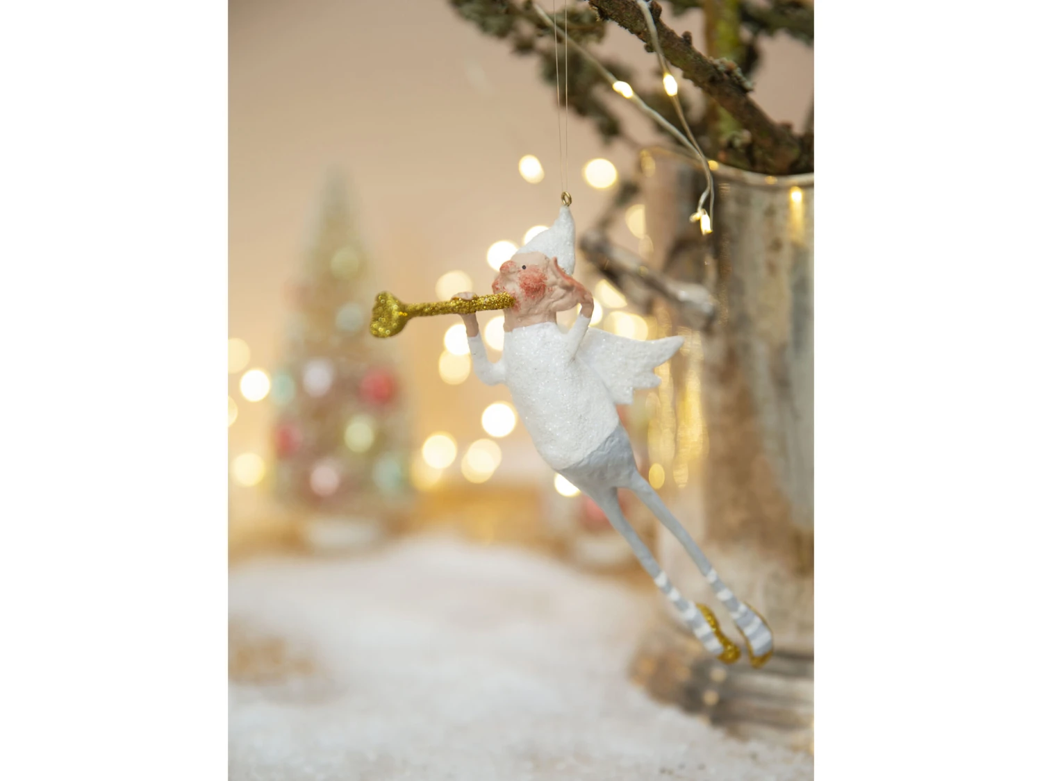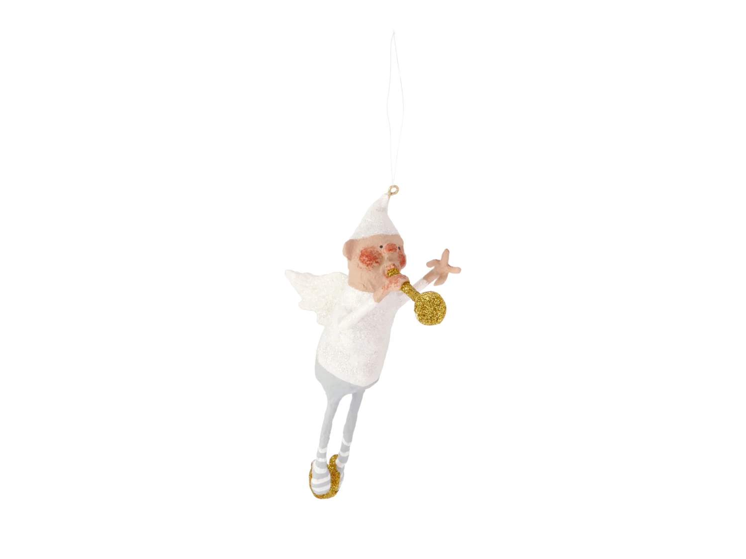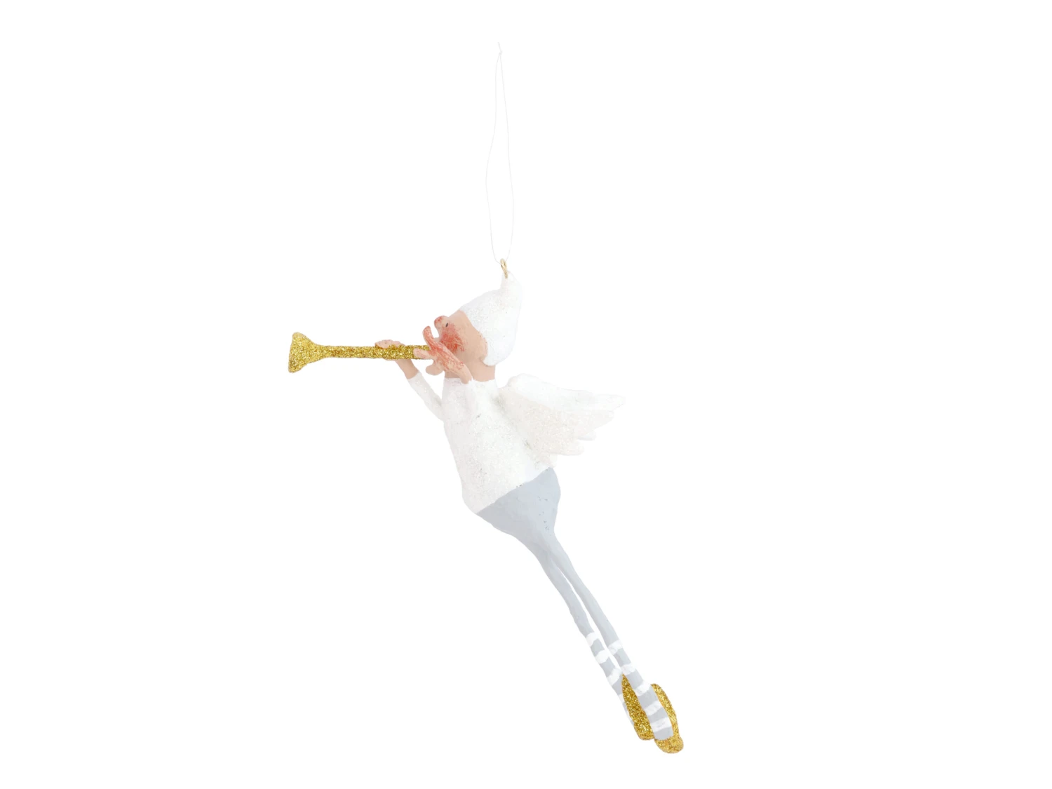 Der hübsche Weihnachtsengel Elmer ist eine wahre Augenweide. Mit Gold, Glimmer und glitzernden Flügeln verbreitet er mit seiner goldenen Trompete den bezaubernden Klang von Weihnachten. Lassen Sie Elmer in Ihrem Fenster schweben, oder hängen Sie ihn an einen Tannenzweig. 18 cm hoch.
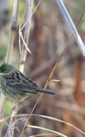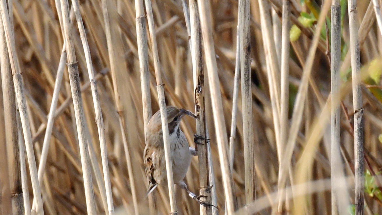 今朝は鳥の声も沢山聞こえましたが、先日”ススキの枯れ枝絡みばかりでよく撮れなった~オオジュリン狙いで、今朝は距離は遠くてもなんとか証拠写真程度に撮れたオオジュリン!……
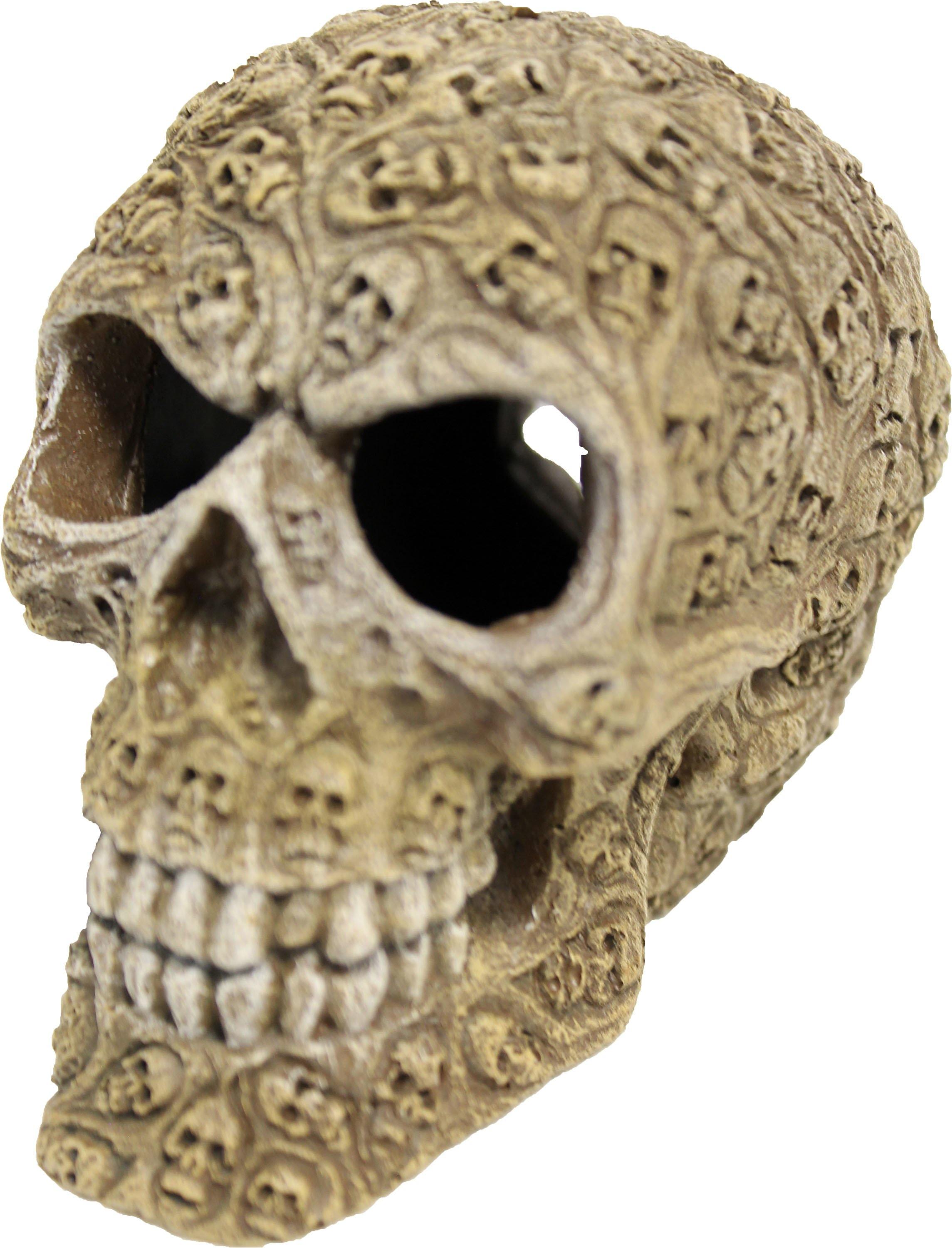 Tiny skulls are carved into the outside of this larger creepy haunted skull Safe for all terrariums & aquariums freshwater & saltwater Size: [Small]
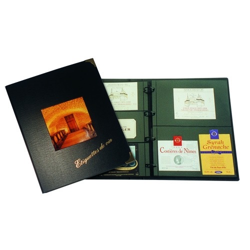 Wine Label Album as pictured, provided with brass corners and a removable cover image. Sturdy 4-ring binder, supplied with eight 2-pocket pages (No. 452) and two 3-pocket pages (No. 453) for more than 70 labels.

(Assignment):
Reproduce precisely the lines of the listing above, from the line containing "Tiny skulls are" to the last line, both ends included. Pictures are to be omitted.

(Solution):
 Tiny skulls are carved into the outside of this larger creepy haunted skull Safe for all terrariums & aquariums freshwater & saltwater Size: [Small]
 Wine Label Album as pictured, provided with brass corners and a removable cover image. Sturdy 4-ring binder, supplied with eight 2-pocket pages (No. 452) and two 3-pocket pages (No. 453) for more than 70 labels.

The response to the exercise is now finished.